=== Records for processing ===

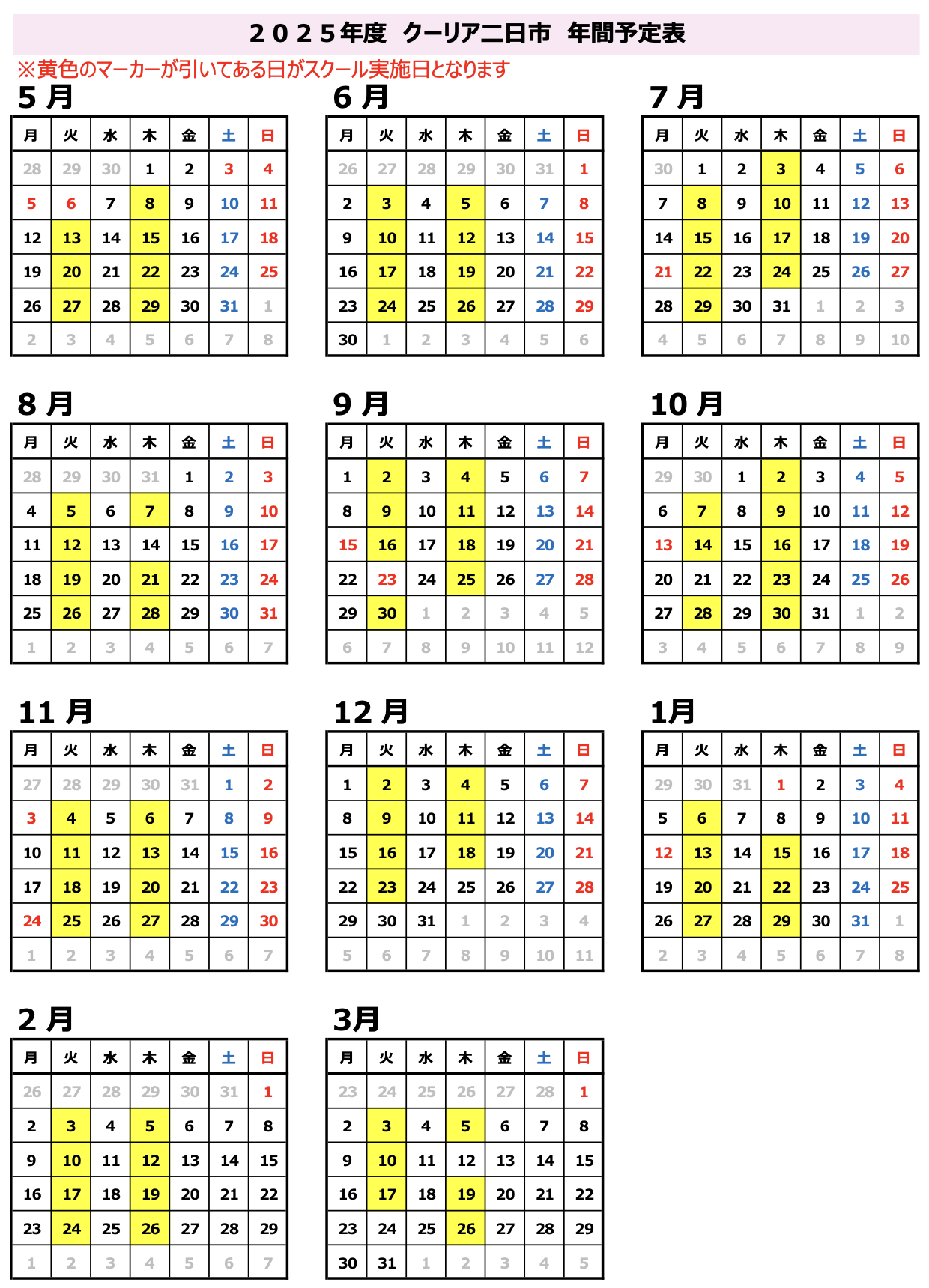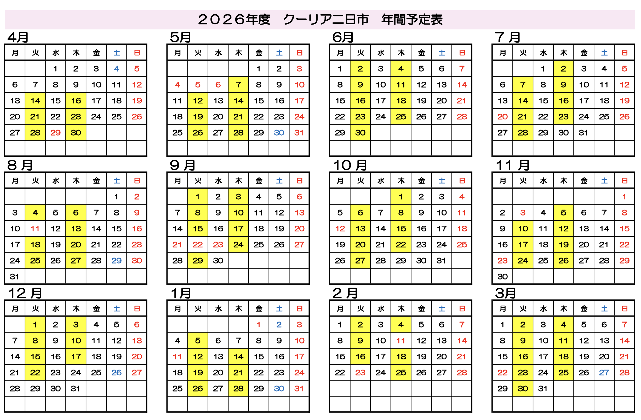 (月4回、年末年始、年度初め、年度終わり3回)
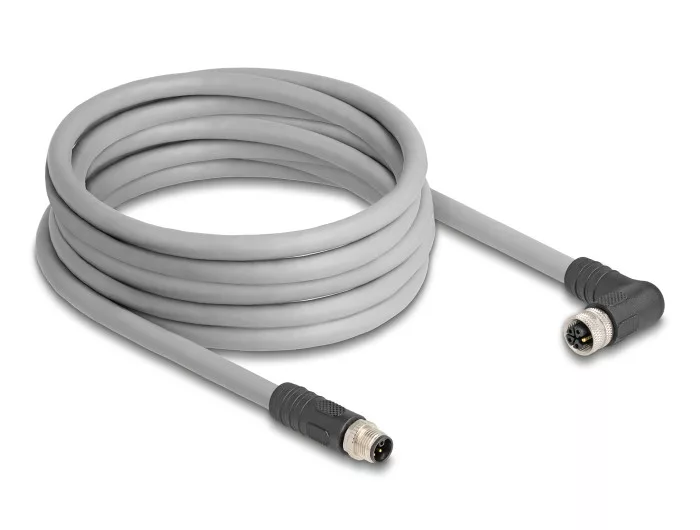Delock M12 kábel L-kódolt 5 tűs egyenes apa   jobbra hajlított anya PUR húzóláncokhoz alkalmas 5 m szürke (DL-80545)
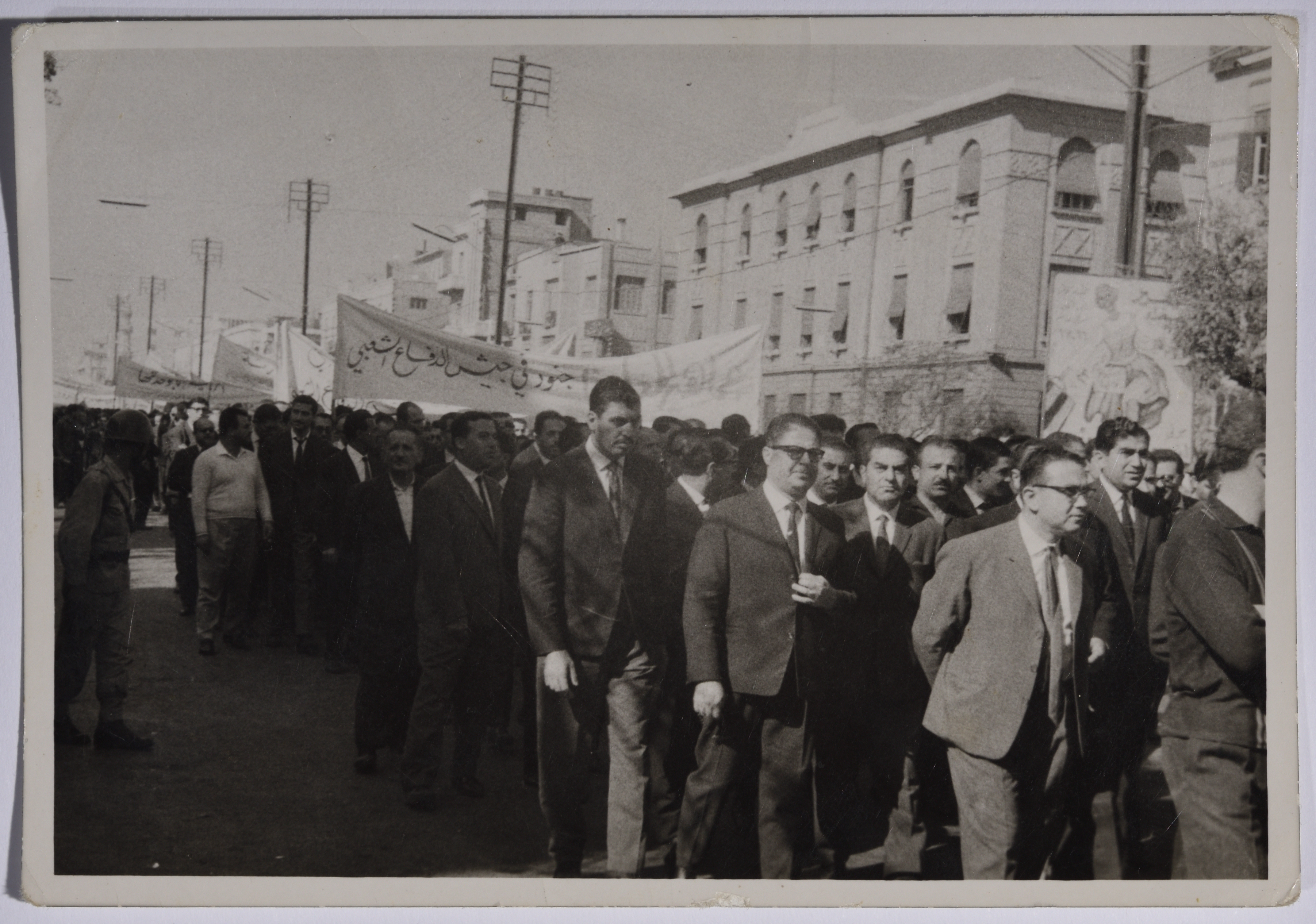 Taken in the late 1950s in Damascus, this black-and-white photograph features a protest against Baghdad Pact where protesters are seen holding posters and signs against the establishment of Baghdad Pact.
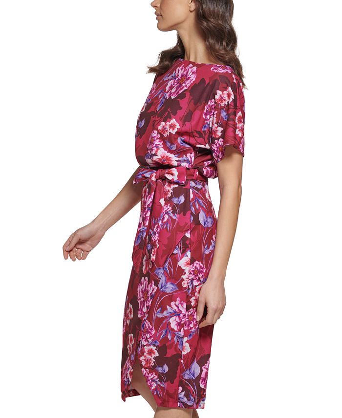 Bright florals pop against the ivory backdrop of this kensie dress| a party-ready sheath with the perfect fit.| Printed; tie at waist| Imported| Hidden back zipper closure| Crewneck; Sheath silhouette|
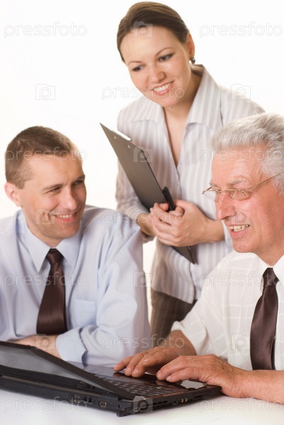 Бизнес-группа, работающая на ноутбуке на белом фоне
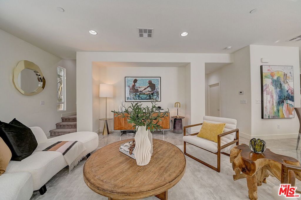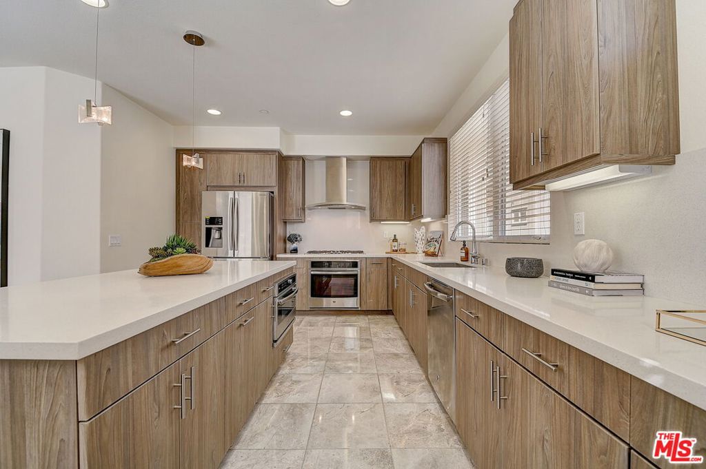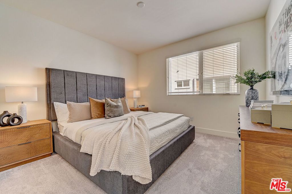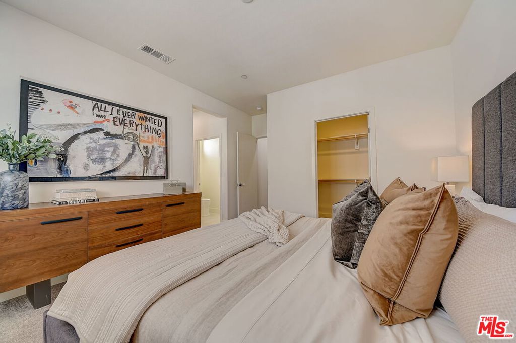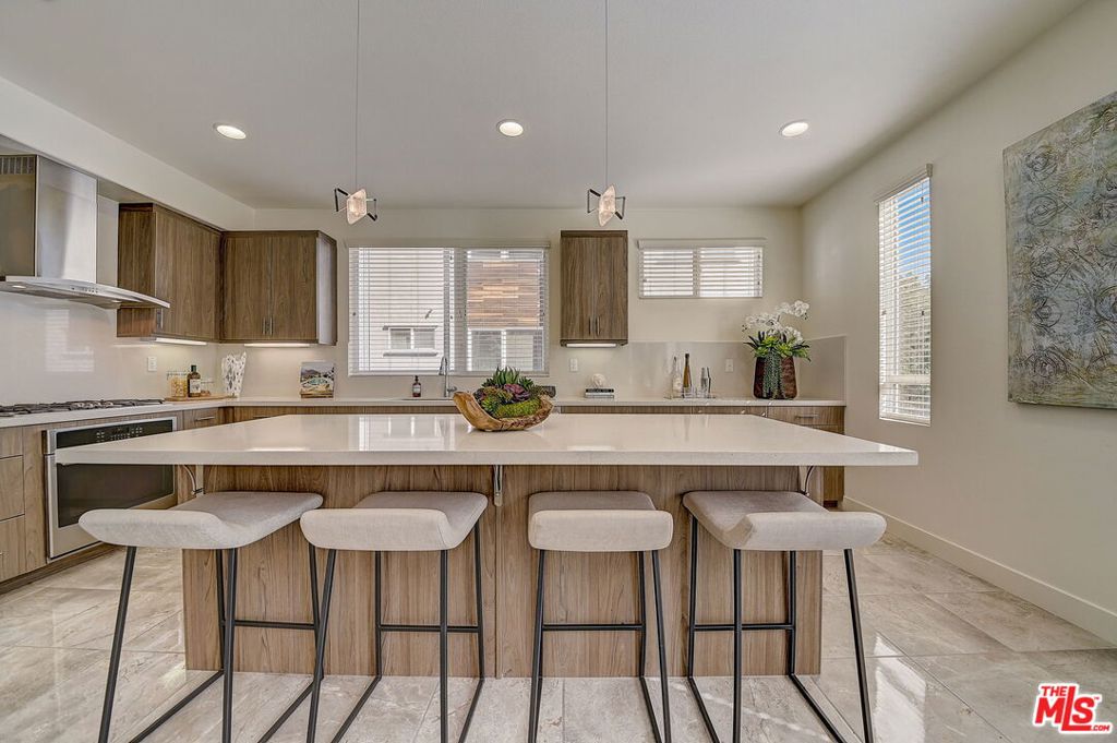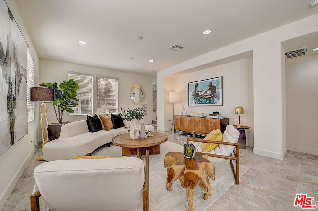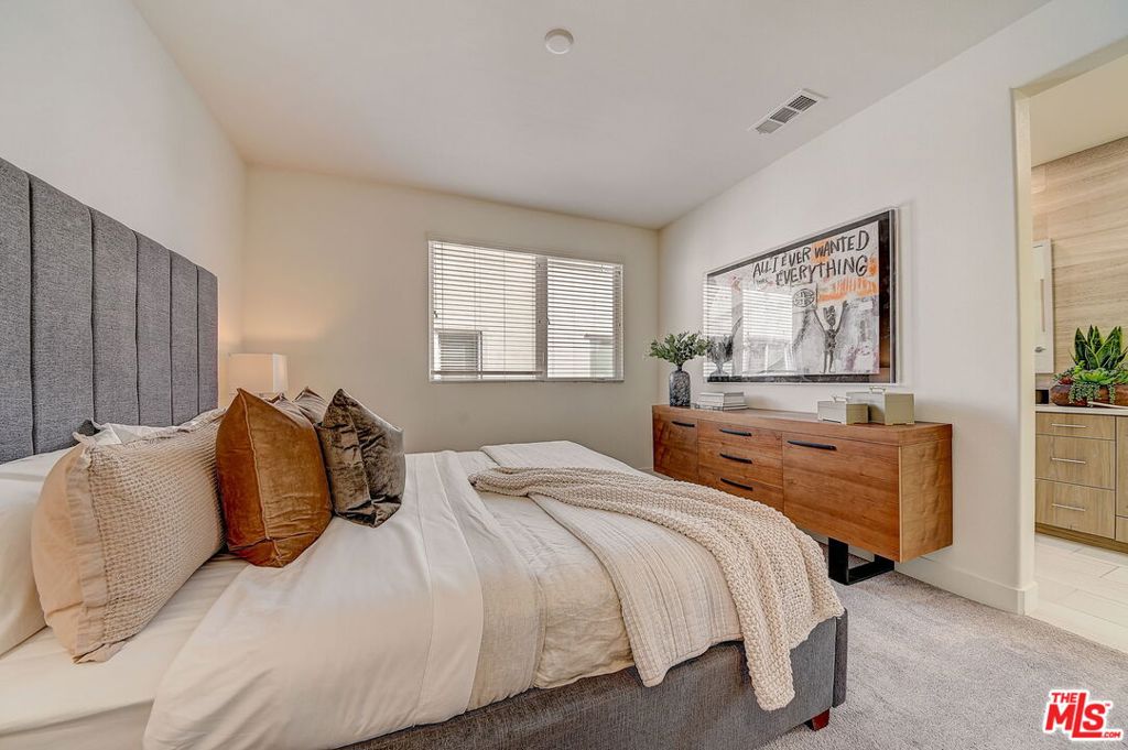 Meticulously maintained END-UNIT single family home with three exposures, a private roof deck and NO SHARED WALLS! At the intersection of Hancock Park, Larchmont, East Hollywood & Melrose Hill, just across the street for the trendy Edmon Hotel & blocks from Paramount Studios. Tree-covered front entry leads you past the 3rd bedroom / office suite and upstairs to the full-floor great room with kitchen, dining and living areas. This spacious floor is sun-filled throughout with its East, West & primarily South exposures. The oversized kitchen is perfect for a chef or entertainer (or both) and features quartz counters, an enormous island and top of the line appliances with tons of storage. A modern chandelier helps define the large dining area, while the living room boasts an alcove for TV or to showcase art. The third floor showcases two more large bedroom suites, including the primary suite with spa-like shower, and has a perfectly placed laundry room off the hallway. Up again to the private rooftop deck you'll see a spacious outdoor living area with panoramic views of the Hollywood Sign, Griffith Observatory, and breath-taking straight-on views of DTLA. This home is located in a highly desirable secure and quiet gated community just off Gramercy Place. Low monthly HOA fee covers front entry gate & grounds maintenance, including the complex's on-site dog park. Association has strong reserves.
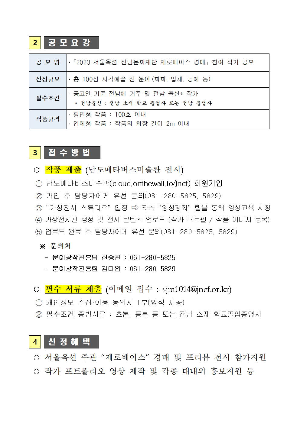 | sjin1014@jncf.or.kr | 전화번호 | 문예창작진흥팀 061-280-5825 / 061-280-5829 | |
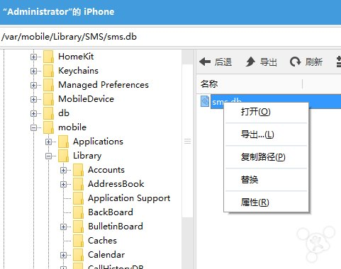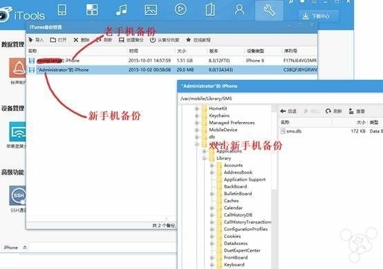 4.在iTools中打開(雙擊即可)新款iPhone的備份文件,進入目錄/var/mobile/Library/SMS/,然後將sms.db替換為第二步中導到電腦中的文件。
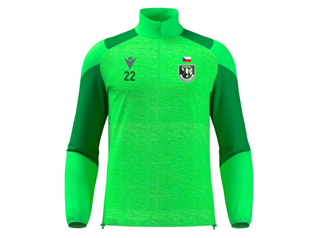 Tréninkový top z tkaniny Confortex. Má límec s 1/4 nylonového zipu s automatickým zámkem a melanžovou texturu na přední straně. Má sportovní manžety z lycry a mikrosíťové vložky na ramenou pro lepší prodyšnost. Spodní část se stahovací šňůrkou umožňuje nastavení objemu pro přiléhavý střih a pohodlí při pohybu. K dispozici v 8 barevných provedeních.

===

[Work instructions]: In transcribing the material above, reproduce each line exactly and include none of the pictures.

[Result for this exercise]:
 (月4回、年末年始、年度初め、年度終わり3回)
Delock M12 kábel L-kódolt 5 tűs egyenes apa   jobbra hajlított anya PUR húzóláncokhoz alkalmas 5 m szürke (DL-80545)
 Taken in the late 1950s in Damascus, this black-and-white photograph features a protest against Baghdad Pact where protesters are seen holding posters and signs against the establishment of Baghdad Pact.
 Bright florals pop against the ivory backdrop of this kensie dress| a party-ready sheath with the perfect fit.| Printed; tie at waist| Imported| Hidden back zipper closure| Crewneck; Sheath silhouette|
 Бизнес-группа, работающая на ноутбуке на белом фоне
 Meticulously maintained END-UNIT single family home with three exposures, a private roof deck and NO SHARED WALLS! At the intersection of Hancock Park, Larchmont, East Hollywood & Melrose Hill, just across the street for the trendy Edmon Hotel & blocks from Paramount Studios. Tree-covered front entry leads you past the 3rd bedroom / office suite and upstairs to the full-floor great room with kitchen, dining and living areas. This spacious floor is sun-filled throughout with its East, West & primarily South exposures. The oversized kitchen is perfect for a chef or entertainer (or both) and features quartz counters, an enormous island and top of the line appliances with tons of storage. A modern chandelier helps define the large dining area, while the living room boasts an alcove for TV or to showcase art. The third floor showcases two more large bedroom suites, including the primary suite with spa-like shower, and has a perfectly placed laundry room off the hallway. Up again to the private rooftop deck you'll see a spacious outdoor living area with panoramic views of the Hollywood Sign, Griffith Observatory, and breath-taking straight-on views of DTLA. This home is located in a highly desirable secure and quiet gated community just off Gramercy Place. Low monthly HOA fee covers front entry gate & grounds maintenance, including the complex's on-site dog park. Association has strong reserves.
 | sjin1014@jncf.or.kr | 전화번호 | 문예창작진흥팀 061-280-5825 / 061-280-5829 | |
 4.在iTools中打開(雙擊即可)新款iPhone的備份文件,進入目錄/var/mobile/Library/SMS/,然後將sms.db替換為第二步中導到電腦中的文件。
 Tréninkový top z tkaniny Confortex. Má límec s 1/4 nylonového zipu s automatickým zámkem a melanžovou texturu na přední straně. Má sportovní manžety z lycry a mikrosíťové vložky na ramenou pro lepší prodyšnost. Spodní část se stahovací šňůrkou umožňuje nastavení objemu pro přiléhavý střih a pohodlí při pohybu. K dispozici v 8 barevných provedeních.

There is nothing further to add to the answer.